I'm now in a place to solve this congruence:
\begin{eqnarray*} 35x &\equiv& 18 \bmod 99 \\ \\ {\color{red}{17\cdot}}\, 35x &\equiv& {\color{red}{17\cdot}} \, 18 \bmod 99 \\ \\ 1x &\equiv& 306 \bmod 99 \\ \\ x &\equiv& 9 \bmod 99 \end{eqnarray*}
All solutions are given by numbers that are $9$ more that a multiple of $99$, i.e.
$$x \in \{ 9 + 99k : k \in \mathbb Z \}$$
It seems that $x=9$ is the smallest solution, but a trial and error method will not work for very large numbers. Never mind simultaneous congruences!
On
Bezout's lemma says we can solve for $70a - 198b = 2$.

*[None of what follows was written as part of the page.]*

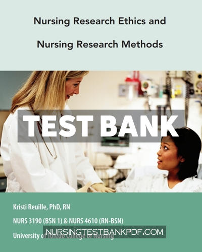 Test Bank for Custom eBook for University of Toledo College of Nursing – Nursing Research Ethics and Nursing Research Methods NURS 3190 (BSN 1) & NURS 4610 (RN BSN) 1st Edition by Jones & Bartlett Learning
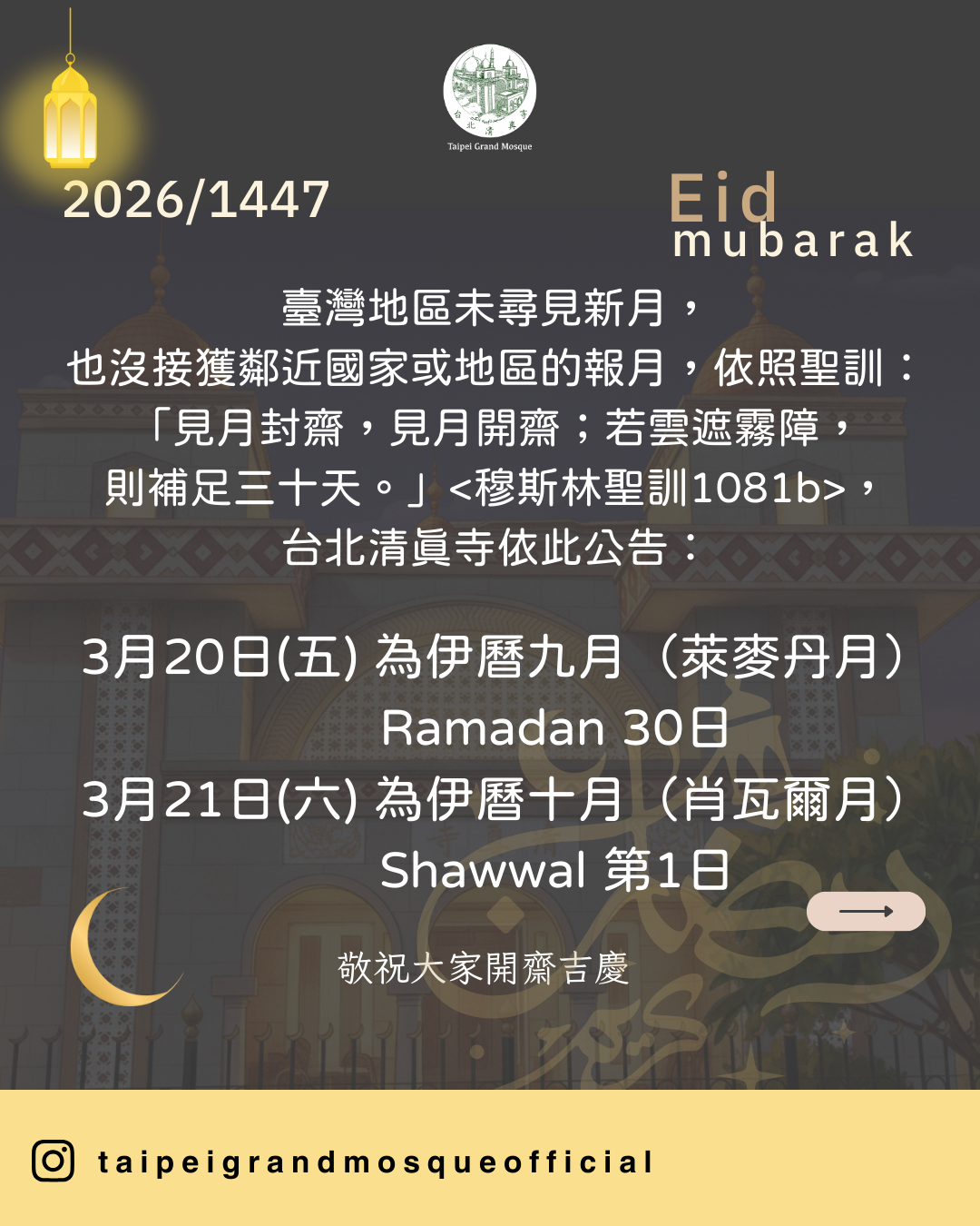 2026 /1447 開齋節日期公告

So I'd do that using a modified version Euclid's algorithm and common sense:
$70a - 198b = 2$
$35a - 99b = 1$
$99 = 2*35 + 29; 29= 99 - 2*35;$
$35 = 29 + 6; 6 = 35 - 29 = 35 - (99-2*35) = 3*35-99$
$29 = 4*6 + 5; 5 = 29 - 4*6 = (99-2*35) - 4(3*35-99) = 5*99 -14*35$
$6 = 5+1; 1 = 6-5 = (3*35-99)-(5*99 -14*35) = 35*17-6*99$
So $70*17 - 198*6 = 2$.
So $70*17\equiv 2 \mod 198$.
So $70*(17*18) \equiv 2*18 \equiv 36 \mod 198$
So $x = 17*18 = 306 \equiv 108 \mod 198$ is a solution. But is it the smallest solution?
Notice $70x \equiv 36 \mod 108\implies 70x = 36 + 198k \implies 35x = 18 + 99k \implies 35x \equiv 18\mod 99$
And we solve $x=108$ is a solution so $x \equiv 108\mod 99$ is also a solution. so $x = 9$ is the smallest solution.
$$70x-36 = 198k$$
Divide it $2$,
$$35x-18=99k$$
We want to find the smallest positive integer $x$ such that an integer $k$ exists.
I would be great if we can find $35^{-1} \pmod{99}$, we know it exists since $35$ and $99$ are corprime.
Let's use Euclidean algorithm: \begin{align}99&=2(35)+29\\ 35&=1(29)+6\\ 29&=4(6)+5\\ 6&=1(5)+1 \end{align}
Hence \begin{align} 1&=6-1(5)\\ &=6-(29-4(6))\\ &=5(6)-29 \\ &=5(35-29)-29\\ &=5(35)-6(29) \\ &=5(35)-6(99-2(35)) \\ &=17(35)-6(99) \end{align}
Hence $$17(35) \equiv 1 \pmod{99}$$
Our goal was to solve for $$35x \equiv 18 \pmod{99}$$
Multiply both sides by $17$, we have $$x \equiv 18(17) \pmod{99}$$
$$x \equiv 306 \equiv 3(99+1)+6\equiv 9 \pmod{99}$$
Hence the smallest positive solution is $9$.